Regia: Paolo Bruschi e Marco Galati Drammaturgia di: Paolo Bruschi, Silvia Bauducco, Marco Galati e Mauro Pagliano Allestimento scenico realizzato dalla Compagnia Teatrale “CONTATTO”
Con Chiara Amatuzzo, Jessica Arcangeli, Anna Barbaro, Stefano Cerva, Sabrina De Donno, Fabio De Fazio, Chiara Falbo, Rodolfo Galati, Chiara Gasparri, Mauro Pagliano e Nico Spatari
Scenotecnica: Marco Actis Giorgetto, Anna Blasco, Paolo Botto, Marco Deambrogio, Gerardo Di Maio, Fabrizio Gasparella, Beppe Laurella, Piero Mangalaviti, Stefania Obialero, Anna Ramezzana, Giusy Uglione e Pino Viesti
Scelte musicali a cura di Paolo Bruschi e Marco Galati
Un ringraziamento particolare a Luca Garrone (www.castellosansebastiano.it) Gerardo Di Maio (www.gestapromotion.it) e Anna Blasco (www.foravia.com)
Ad Aurora e Willy
C’è un tempo per fare silenzio e un tempo per raccontare le storie. Per questo motivo Dio ha creato gli uomini: perché gli piace un sacco starsene seduto nell’alto dei cieli ad ascoltare le storie che gli uomini raccontano.
Ma non si sa mai da dove iniziare : se dalle cose grandi o da quelle piccole. Nella vita di un uomo passano canti di bambini e di uomini ubriachi, le persone giocano con il proprio destino, alle volte vincono, altre volte perdono. E’ tutto dentro di noi: la vita e la morte.
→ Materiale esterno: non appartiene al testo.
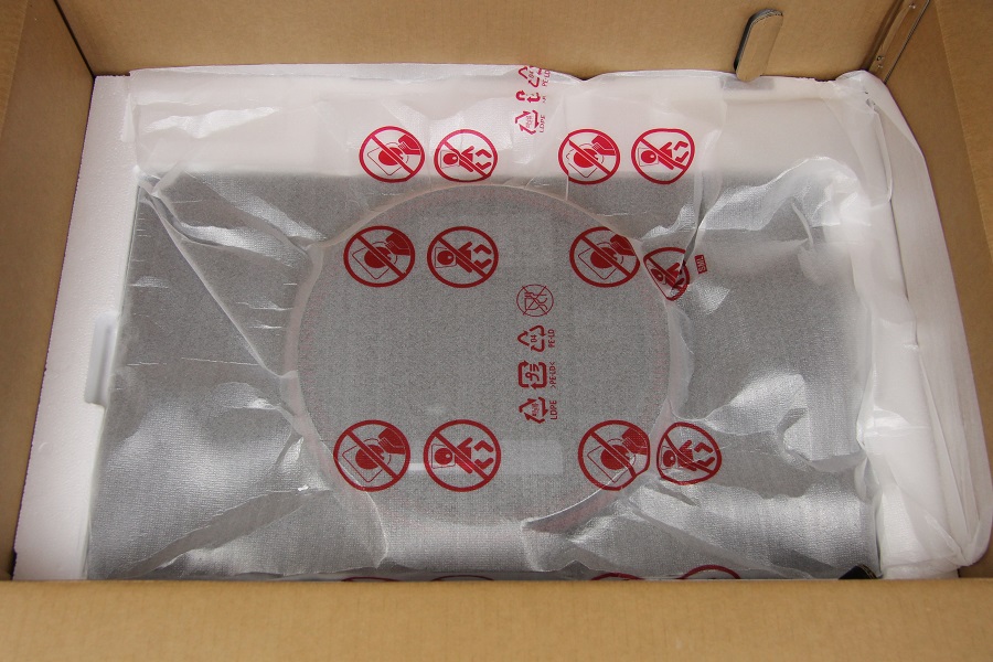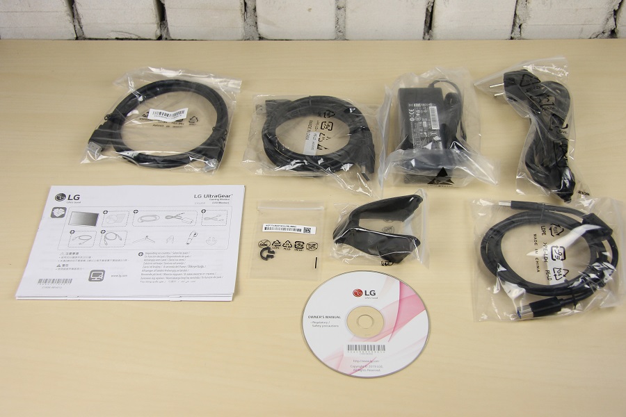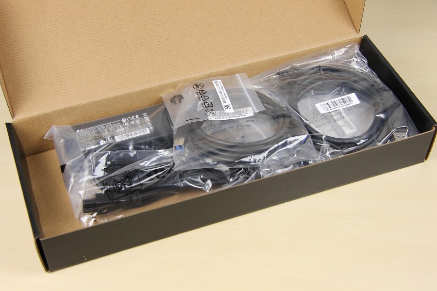 Pakken we er een mes bij om de doos open te maken, ook al staat er op de doos dat dit niet wenselijk. En met reden: er bestaat een kans dat je wat kapot snijdt. Overigens moet je ook goed opletten welke kant je open maakt, anders heb je eerst het scherm te pakken in plaats van de accessoires. Vouwen we de doos open dan zien we daar de boet, de beugel en een doos met accessoires. Een vrij grote doos op het eerste gezicht. Ook wel nodig, want hier zitten de nodige kabels en de voedingsadapter bij. Ook vinden we een cd en een kabelgeleider terug. Tillen we de laag piepschuim op, zien we het scherm zelf terug verpakt in foam.

E’ già tutto scritto nelle pagine di un libro antico, in una lingua dimenticata.
Se quel paese avesse avuto un nome,allora qualcuno lo avrebbe ricordato e adesso potrebbe raccontarci la sua storia.
“ C’era una volta una terra, fatta di… terra, acqua e fuoco, e poi donne e bambini e cani e gatti e muli selvatici, il circo e gli zingari… e poi c’era il treno e il telegrafo, il mercato e la guerra, banane e soldati, fucili e cannoni, e giorni e notti, attimi, istanti, anni e anni… ”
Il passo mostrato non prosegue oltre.